** Records follows **
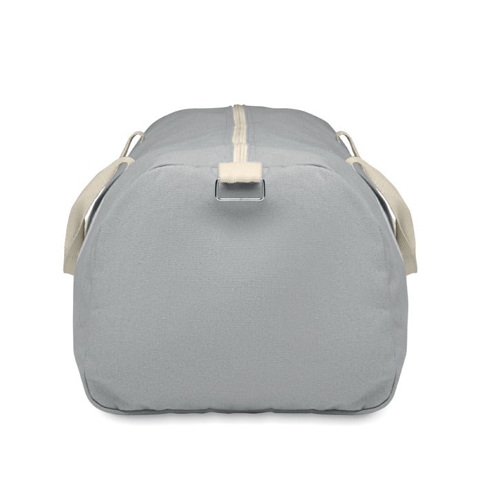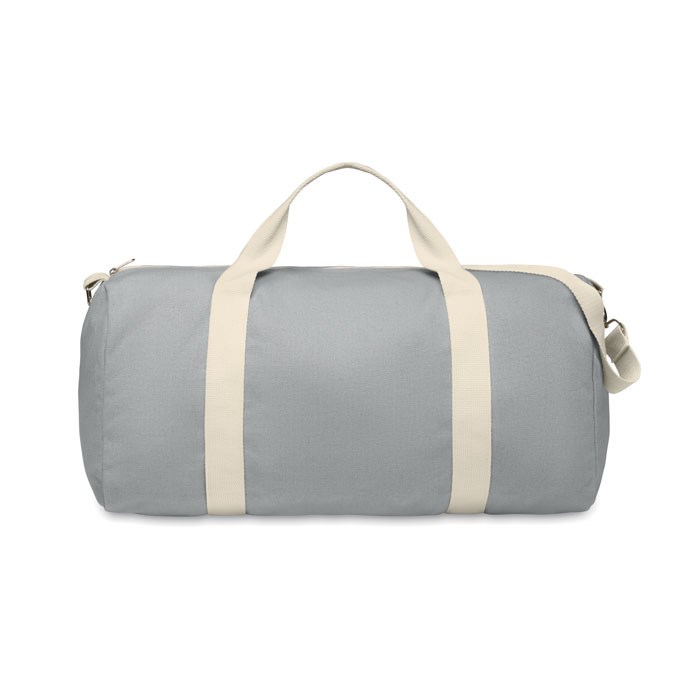 Sac de sport en tissus recyclés (60% coton recyclé, 40% polyester recyclé) en 320 gr/m² avec poignée en sangle de coton naturel et une bandoulière réglable et amovible.
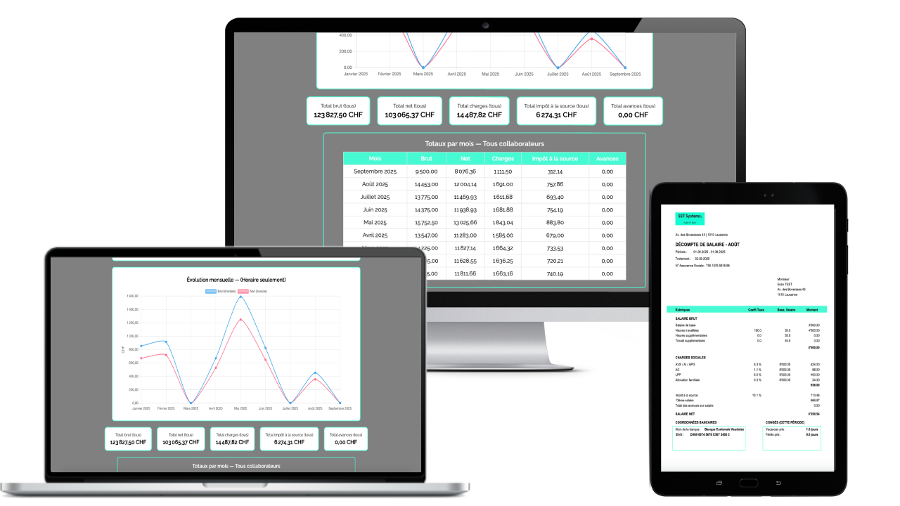 Pointage intelligent, planification dynamique, rapports automatisés et conformité intégrée (LTr/OLT, CCNT). Dites adieu aux erreurs, aux doublons et aux tâches manuelles chronophages.
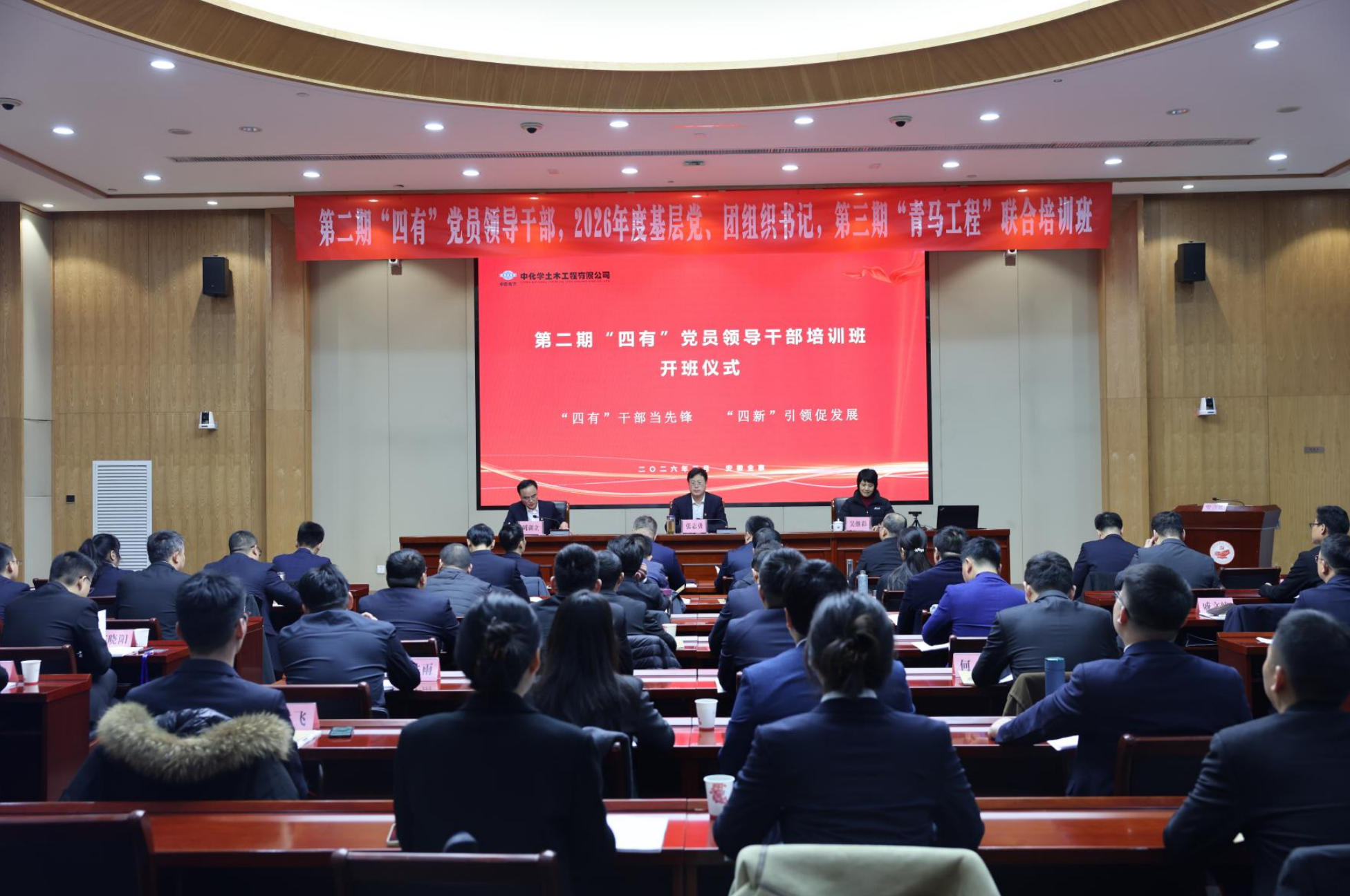 为深入学习贯彻习近平总书记重要指示批示精神,在习近平总书记考察金寨10周年之际,2月24日到3月2日,我院春节后首个培训班——中化学土木工程有限公司第二期“四有”党员领导干部、2026年度党团组织书记及第三期“青马工程”联合培训班在我院成功举办,50多名学员参加了为期七天的集中培训。
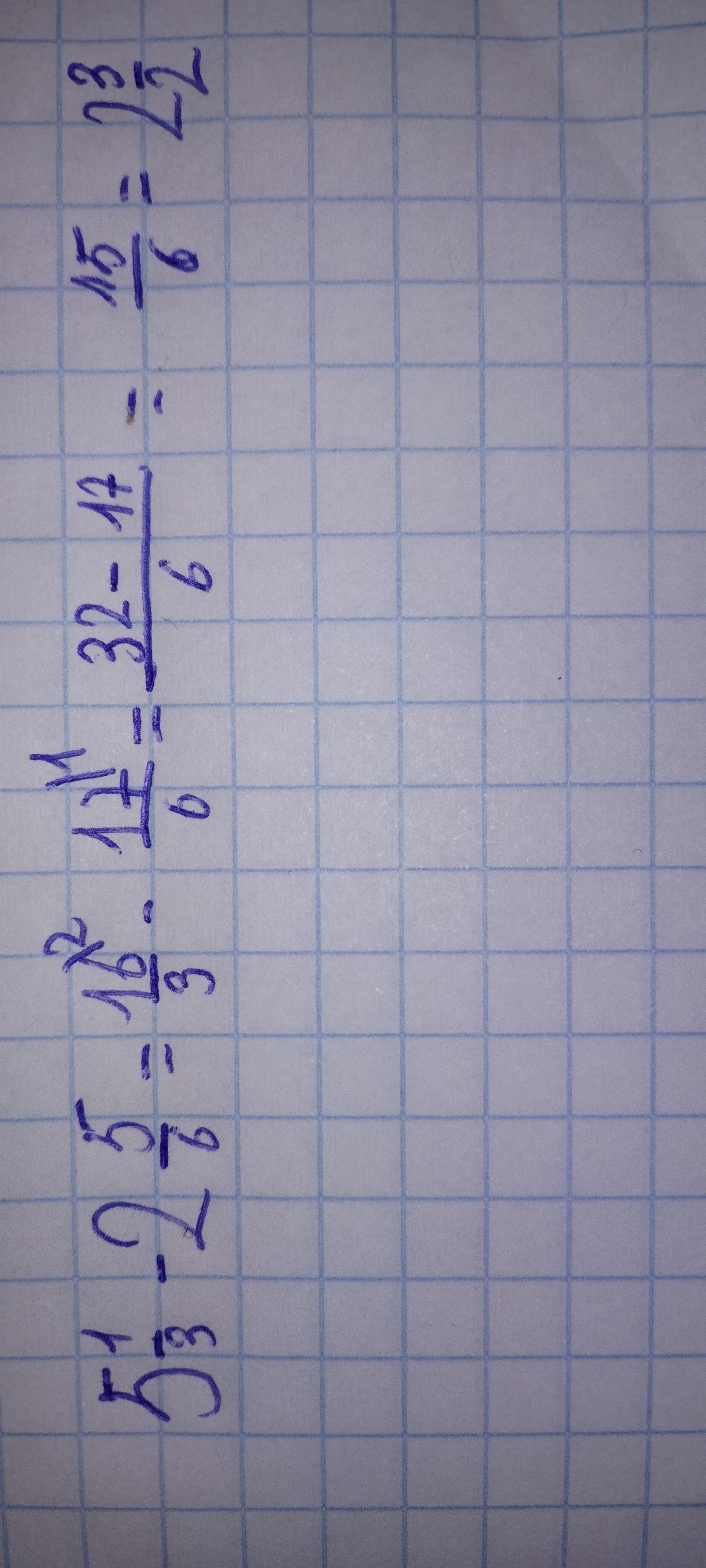 преобразовать выражения 5 ⅓ - 2 ⅚ в неправильную дробь : 16/3 - 17/6
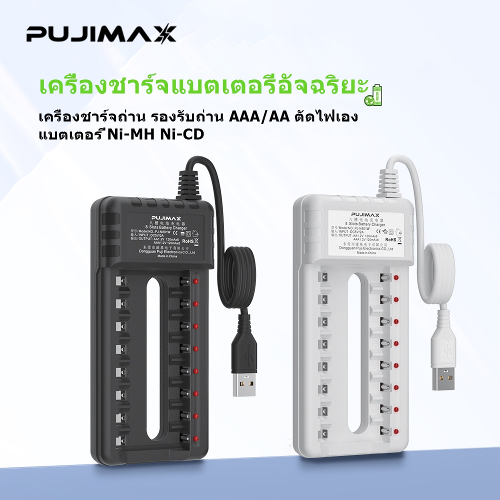 PUJIMAX เครื่องชาร์จถ่าน 8ช่อง ชาร์จเร็ว ปลอดภัย จอ LED รองรับ 1.2V AAA/AA Ni-MH ป้องกันชาร์จเกิน
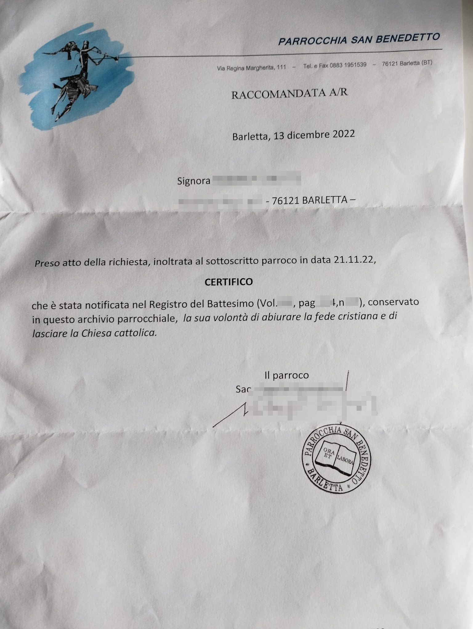 Una persona ha chiesto la rettifica dei dati relativi al proprio battesimo avvenuto a S. Benedetto - BARLETTA (BT) il 13/12/2022, dichiarando di non voler più far parte della Chiesa Cattolica.
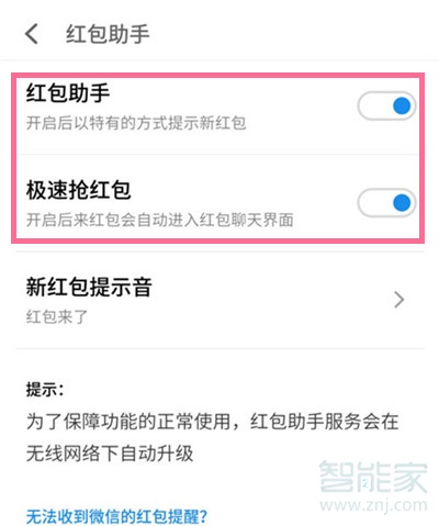 3、将【红包助手】和【极速抢红包】开关开启即可,还可以点击【新红包提示音】来设置提醒声音。
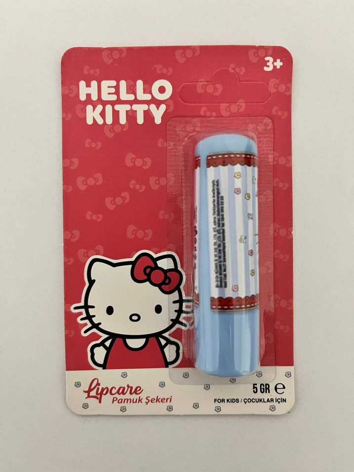 Hello Kitty markalı, pamuk şekeri aromalı dudak nemlendiricisi. 3 yaş ve üzeri çocuklar için uygundur.
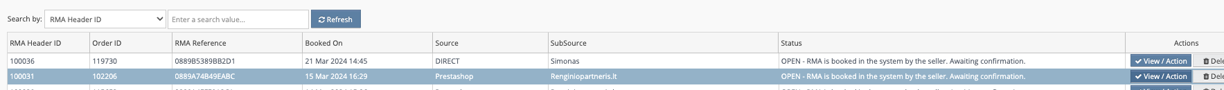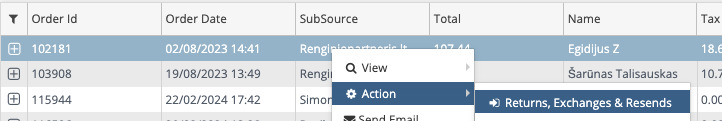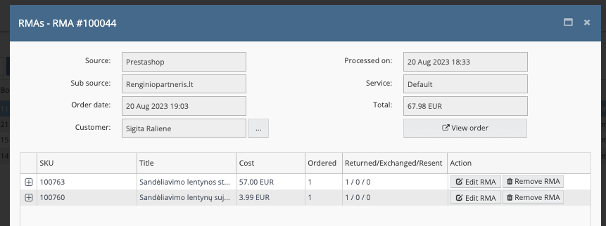 RMA supildžius visas grįžusias užsakymo prekes, spaudžiame “Action”
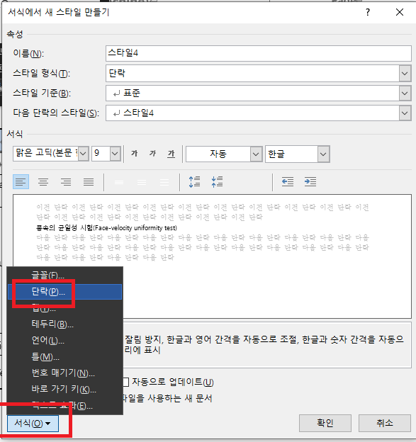 서식에서 단락을 선택한다
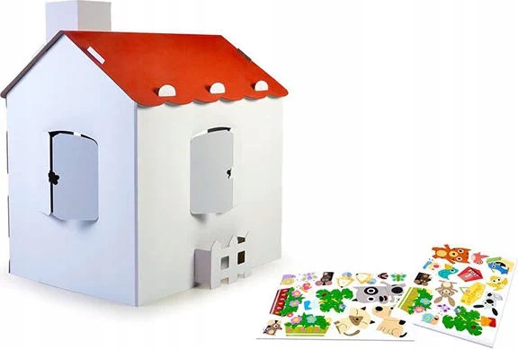 Домик сделан из прочного картона, еще не до конца готов. Ваши родители или старшие братья и сестры помогут вам собрать ее, но сначала вам нужно ее украсить. В комплекте с домиком идут красочные наклейки различной тематики, которые можно использовать для этой цели. Однако ничто не мешает ребенку украсить дом своими рисунками. Возьмите с собой краски, маркеры и мелки! Игрушка позволяет ребенку свободно развивать творческие способности, ручные навыки и умение сотрудничать с родителями, братьями, сестрами или друзьями.
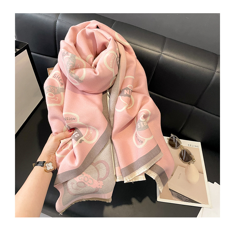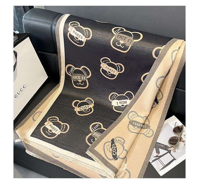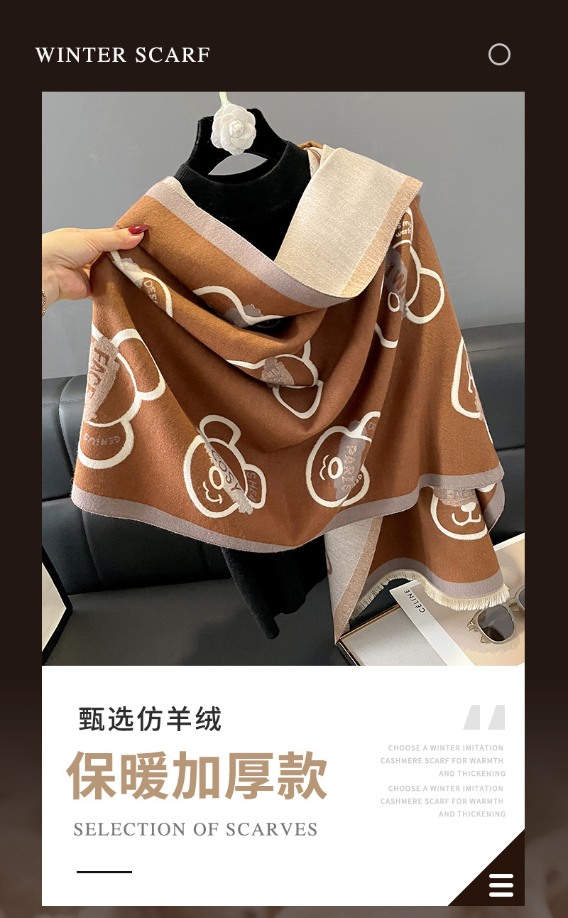 가을과 겨울 새로운 풀 울 캐시미어 따뜻한 두꺼운 스카프 곰 패턴 테두리 짧은 수염 스카프 목도리 이중 목적스토어 가기
** End of Records **
Could you repeat the data exactly, omitting its pictures?

 Sac de sport en tissus recyclés (60% coton recyclé, 40% polyester recyclé) en 320 gr/m² avec poignée en sangle de coton naturel et une bandoulière réglable et amovible.
 Pointage intelligent, planification dynamique, rapports automatisés et conformité intégrée (LTr/OLT, CCNT). Dites adieu aux erreurs, aux doublons et aux tâches manuelles chronophages.
 为深入学习贯彻习近平总书记重要指示批示精神,在习近平总书记考察金寨10周年之际,2月24日到3月2日,我院春节后首个培训班——中化学土木工程有限公司第二期“四有”党员领导干部、2026年度党团组织书记及第三期“青马工程”联合培训班在我院成功举办,50多名学员参加了为期七天的集中培训。
 преобразовать выражения 5 ⅓ - 2 ⅚ в неправильную дробь : 16/3 - 17/6
 PUJIMAX เครื่องชาร์จถ่าน 8ช่อง ชาร์จเร็ว ปลอดภัย จอ LED รองรับ 1.2V AAA/AA Ni-MH ป้องกันชาร์จเกิน
 Una persona ha chiesto la rettifica dei dati relativi al proprio battesimo avvenuto a S. Benedetto - BARLETTA (BT) il 13/12/2022, dichiarando di non voler più far parte della Chiesa Cattolica.
 3、将【红包助手】和【极速抢红包】开关开启即可,还可以点击【新红包提示音】来设置提醒声音。
 Hello Kitty markalı, pamuk şekeri aromalı dudak nemlendiricisi. 3 yaş ve üzeri çocuklar için uygundur.
 RMA supildžius visas grįžusias užsakymo prekes, spaudžiame “Action”
 서식에서 단락을 선택한다
 Домик сделан из прочного картона, еще не до конца готов. Ваши родители или старшие братья и сестры помогут вам собрать ее, но сначала вам нужно ее украсить. В комплекте с домиком идут красочные наклейки различной тематики, которые можно использовать для этой цели. Однако ничто не мешает ребенку украсить дом своими рисунками. Возьмите с собой краски, маркеры и мелки! Игрушка позволяет ребенку свободно развивать творческие способности, ручные навыки и умение сотрудничать с родителями, братьями, сестрами или друзьями.
 가을과 겨울 새로운 풀 울 캐시미어 따뜻한 두꺼운 스카프 곰 패턴 테두리 짧은 수염 스카프 목도리 이중 목적스토어 가기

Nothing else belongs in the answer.